Sooner or later though we'll see formats that use UTF-32 internally, and no surrogates. We have functions for that in unused/ so JtR itself will get that support once it's actually needed. For such formats we should just count "characters" again. But let's ignore this until it actually happens.
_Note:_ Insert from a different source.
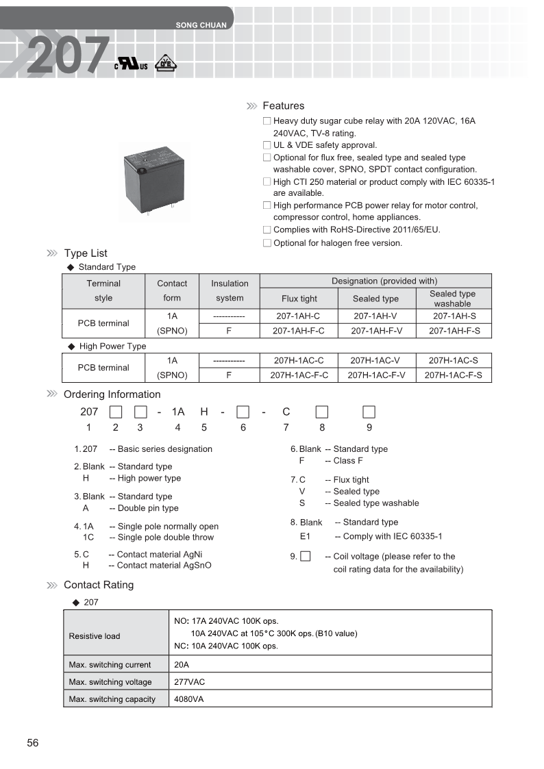 應用領域:20A 120VAC、16A 240VAC、TV-8 大功率方糖形繼電器。 提供UL & VDE 認證。 提供防助焊劑型、密閉型和密閉可清洗型,觸點形式有一組常開型、一組轉換型。 提供CTI 250的材質或符合 IEC 60335-1的產品。 是馬達控制、壓縮機抭制及家電電器應用性能優(yōu)良的PCB繼電器。 符合RoHS 2011/65/EU 指令。 無鹵規(guī)格可供選擇。

jfoug commented 10 years ago

I know this is not a 'forever' fix. It simply makes things work with the current internal behavior of JtR. The --maxlen=x is something that is directly coded for internal JtR specifics anyway.

I have made some dyna_29 and dyna_33. I built the files to use 40 utf-8 2 byte short values (that is the length that dyna has set for max on the non-SIMD code). These input files find 1500 for non-SIMD builds, but only find 1416 for SIMD. The 84 'missed' do not fit into a singleton 55 byte usable buffer space. Also, we could easily bump the non-SIMD lengths of these to 60 utf8 'chars' (120 bytes). I have not done that, but we 'could' do this. We will start to bump into JtR's 125 character input limitations however, since 3*60 surpasses that. I think that is where the 40 utf-8 'char' limitation was created. I may be behind the times and this limit may have been lifted, but at one time I think this was pretty much 'the' limit for john.